BinaryLogic hat gesagt.:


> Habt ihr einen eigenen Server für das SVN Repo + CMS oder liegt das einfach auf einem lokalen Rechner und der externen Festplatte? [...]



Auch wenn ich es (für den Moment) nur lokal speicher, ich verwende dann einfach einen lokalen SVN Daemon.


----------



## Sym (12. Mrz 2012)

Ein SCM ist natürlich unabdingbar.  Ich habe dafür einen eigenen Server im Netz. Aber wenn das Project nicht closed-Source ist, gibt es z.B. github.com (als kostenlose Variante).

Ansonsten arbeite ich gerne mit JIRA und Confluence. Und beides ist für jeweils 10$ zu haben.


----------



## BinaryLogic (12. Mrz 2012)

Danke schon einmal für die vielen Antworten, Redmine scheint hier ja Fav. zu sein.



> Ansosnten verstehe ich wohl deine frage nicht ganz, was meinst du denn mit "diverse Sachen schnell wieder in den Kopf zu bekommen"?
> 
> Ich automatisiere meine Builds immer mit Maven, also brauche ich für das bauen "nix im Kopf".



Eigentlich meinte ich damit, dass ich mir quasi schnell wieder angucken kann, was jetzt geschafft ist, was noch gemacht werden muss und welche Features überhaupt nun drin sind und welche nicht, wenn ich längere Zeit mal nicht dran arbeiten sollte.

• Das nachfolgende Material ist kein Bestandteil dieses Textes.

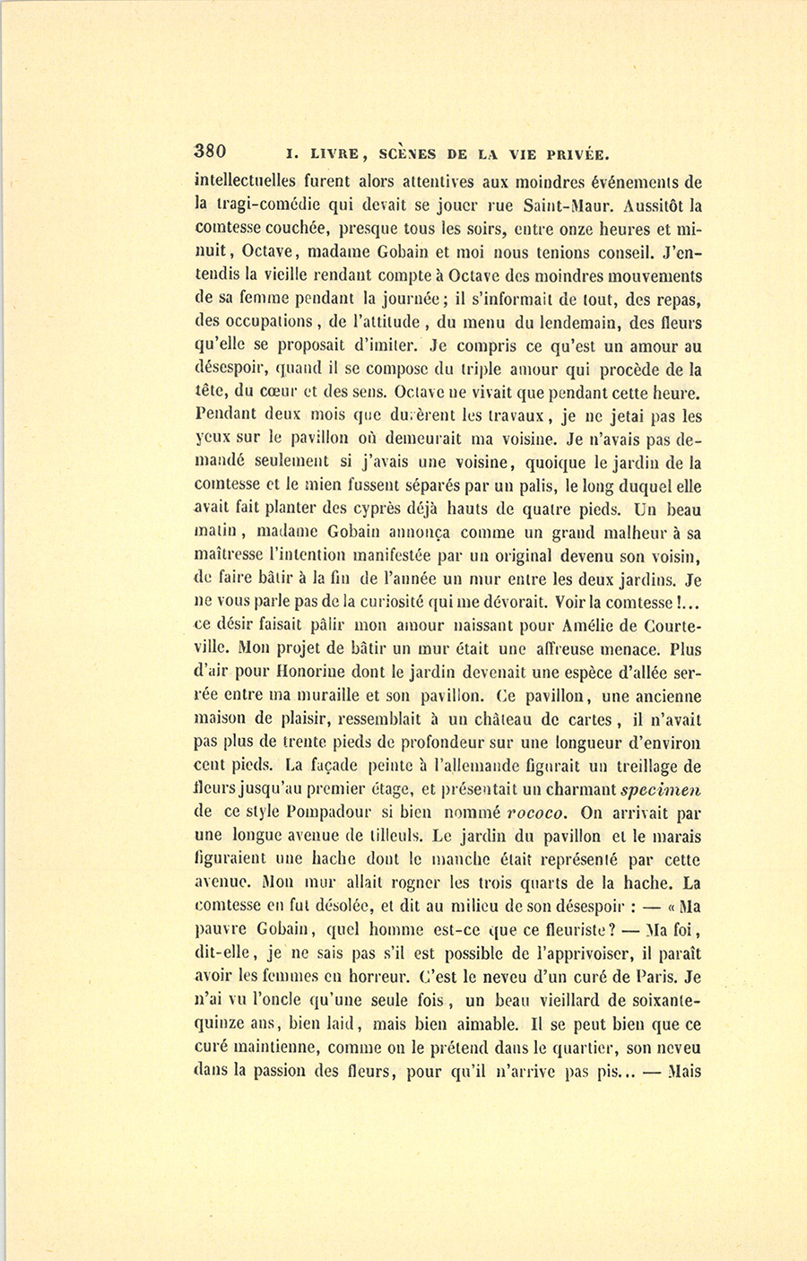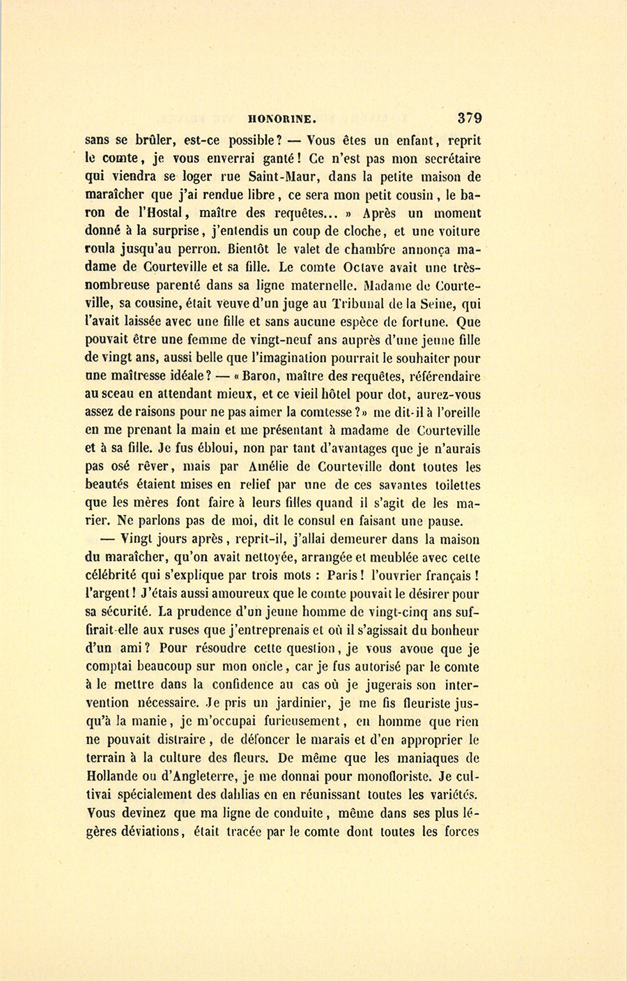 – Vingt jours après, reprit-il, j’allai demeurer dans la maison du maraîcher, qu’on avait nettoyée, arrangée et meublée avec cette célébrité qui s’explique par trois mots : Paris ! l’ouvrier français ! l’argent ! J’étais aussi amoureux que le comte pouvait le désirer pour sa sécurité. La prudence d’un jeune homme de vingt-cinq ans suffirait-elle aux ruses que j’entreprenais et où il s’agissait du bonheur d’un ami ? Pour résoudre cette question, je vous avoue que je comptai beaucoup sur mon oncle, car je fus autorisé par le comte à le mettre dans la confidence au cas où je jugerais son intervention nécessaire. Je pris un jardinier, je me fis fleuriste jusqu’à la manie, je m’occupai furieusement, en homme que rien ne pouvait distraire, de défoncer le marais et d’en approprier le terrain à la culture des fleurs. De même que les maniaques de Hollande ou d’Angleterre, je me donnai pour monofloriste. Je cultivai spécialement des dahlias en en réunissant toutes les variétés. Vous devinez que ma ligne de conduite, même dans ses plus légères déviations, était tracée par le comte dont toutes les forces {p. 380} intellectuelles furent alors attentives aux moindres événements de la tragi-comédie qui devait se jouer rue Saint-Maur. Aussitôt la comtesse couchée, presque tous les soirs, entre onze heures et minuit, Octave, madame Gobain et moi nous tenions conseil. J’entendis la vieille rendant compte à Octave des moindres mouvements de sa femme pendant la journée ; il s’informait de tout, des repas, des occupations, de l’attitude, du menu du lendemain, des fleurs qu’elle se proposait d’imiter. Je compris ce qu’est un amour au désespoir, quand il se compose du triple amour qui procède de la tête, du cœur et des sens. Octave ne vivait que pendant cette heure. Pendant deux mois que durèrent les travaux, je ne jetai pas les yeux sur le pavillon où demeurait ma voisine. Je n’avais pas demandé seulement si j’avais une voisine, quoique le jardin de la comtesse et le mien fussent séparés par un palis, le long duquel elle avait fait planter des cyprès déjà hauts de quatre pieds. Un beau matin, madame Gobain annonça comme un grand malheur à sa maîtresse l’intention manifestée par un original devenu son voisin, de faire bâtir à la fin de l’année un mur entre les deux jardins. Je ne vous parle pas de la curiosité qui me dévorait. Voir la comtesse !… ce désir faisait pâlir mon amour naissant pour Amélie de Courteville. Mon projet de bâtir un mur était une affreuse menace. Plus d’air pour Honorine dont le jardin devenait une espèce d’allée serrée entre ma muraille et son pavillon. Ce pavillon, une ancienne maison de plaisir, ressemblait à un château de cartes, il n’avait pas plus de trente pieds de profondeur sur une longueur d’environ cent pieds. La façade peinte à l’allemande figurait un treillage de fleurs jusqu’au premier étage, et présentait un charmant specimen de ce style Pompadour si bien nommé rococo. On arrivait par une longue avenue de tilleuls. Le jardin du pavillon et le marais figuraient une hache dont le manche était représenté par cette avenue. Mon mur allait rogner les trois quarts de la hache. La comtesse en fut désolée, et dit au milieu de son désespoir : – « Ma pauvre Gobain, quel homme est-ce que ce fleuriste ? – Ma foi, dit-elle, je ne sais pas s’il est possible de l’apprivoiser, il paraît avoir les femmes en horreur. C’est le neveu d’un curé de Paris. Je n’ai vu l’oncle qu’une seule fois, un beau vieillard de soixante-quinze ans, bien laid, mais bien aimable. Il se peut bien que ce curé maintienne, comme on le prétend dans le quartier, son neveu dans la passion des fleurs, pour qu’il n’arrive pas pis… – Mais {p. 381} quoi ? – Eh ! bien, votre voisin est un hurluberlu… » fit la Gobain en montrant sa tête. Les fous tranquilles sont les seuls hommes de qui les femmes ne conçoivent aucune méfiance en fait de sentiment. Vous allez voir par la suite combien le comte avait vu juste en me choisissant ce rôle. – « Mais, qu’a-t-il ? demanda la comtesse. – Il a trop étudié, répondit la Gobain, il est devenu sauvage. Enfin, il a des raisons pour ne plus aimer les femmes… là, puisque vous voulez savoir tout ce qui se dit. – Eh ! bien, reprit Honorine, les fous m’effraient moins que les gens sages, je lui parlerai, moi ! dis-lui que je le prie de venir. Si je ne réussis pas, je verrai le curé. » Le lendemain de cette conversation, en me promenant dans mes allées tracées, j’entrevis au premier étage du pavillon les rideaux d’une fenêtre écartés et la figure d’une femme posée en curieuse. La Gobain m’aborda. Je regardai brusquement le pavillon et fis un geste brutal, comme si je disais : – Eh ! je me moque bien de votre maîtresse ! – « Madame, dit la Gobain, qui revint rendre compte de son ambassade, le fou m’a priée de le laisser tranquille, en prétendant que charbonnier était maître chez soi, surtout quand il était sans femme. – Il a deux fois raison, répondit la comtesse. – Oui, mais il a fini par me répondre : « J’irai ! » quand je lui ai répondu qu’il ferait le malheur d’une personne qui vivait dans la retraite, et qui puisait de grandes distractions dans la culture des fleurs. » Le lendemain, je sus par un signe de la Gobain qu’on attendait ma visite. Après le déjeuner de la comtesse, au moment où elle se promenait devant son pavillon, je brisai le palis et je vins à elle. J’étais mis en campagnard : vieux pantalon à pied en molleton gris, gros sabots, vieille veste de chasse, casquette en tête, méchant foulard au cou, les mains salies de terre, et un plantoir à la main. – « Madame, c’est le monsieur qui est votre voisin ! » cria la Gobain. La comtesse ne s’était pas effrayée. J’aperçus

SCM ist klar, das ist bei mir fest eingeplant.

Ich habe mich jetzt selber noch nicht umgesehen, aber vielleicht hat schon jemand eine Empfehlung:
Gibt es einen Hoster, der mir ein fertiges Redmine + SVN zur Verfügung stellt? Fänd ich natürlich super, wenn es das auch noch für wenig Taler gibt, da ich nur Student bin.

Grüße
BL


----------



## Noctarius (12. Mrz 2012)

Sym hat gesagt.:


> Ein SCM ist natürlich unabdingbar.  Ich habe dafür einen eigenen Server im Netz. Aber wenn das Project nicht closed-Source ist, gibt es z.B. github.com (als kostenlose Variante).
> 
> Ansonsten arbeite ich gerne mit JIRA und Confluence. Und beides ist für jeweils 10$ zu haben.



Closed Source geht z.B. auch bei Bitbucket.org, allerdings mit max 5 Commitern, glaub ich.


----------



## Sym (12. Mrz 2012)

Noctarius hat gesagt.:


> Closed Source geht z.B. auch bei Bitbucket.org, allerdings mit max 5 Commitern, glaub ich.


Ah, das wusste ich noch nicht.


----------



## hartzie (13. Mrz 2012)

> Gibt es einen Hoster, der mir ein fertiges Redmine + SVN zur Verfügung stellt? Fänd ich natürlich super, wenn es das auch noch für wenig Taler gibt, da ich nur Student bin.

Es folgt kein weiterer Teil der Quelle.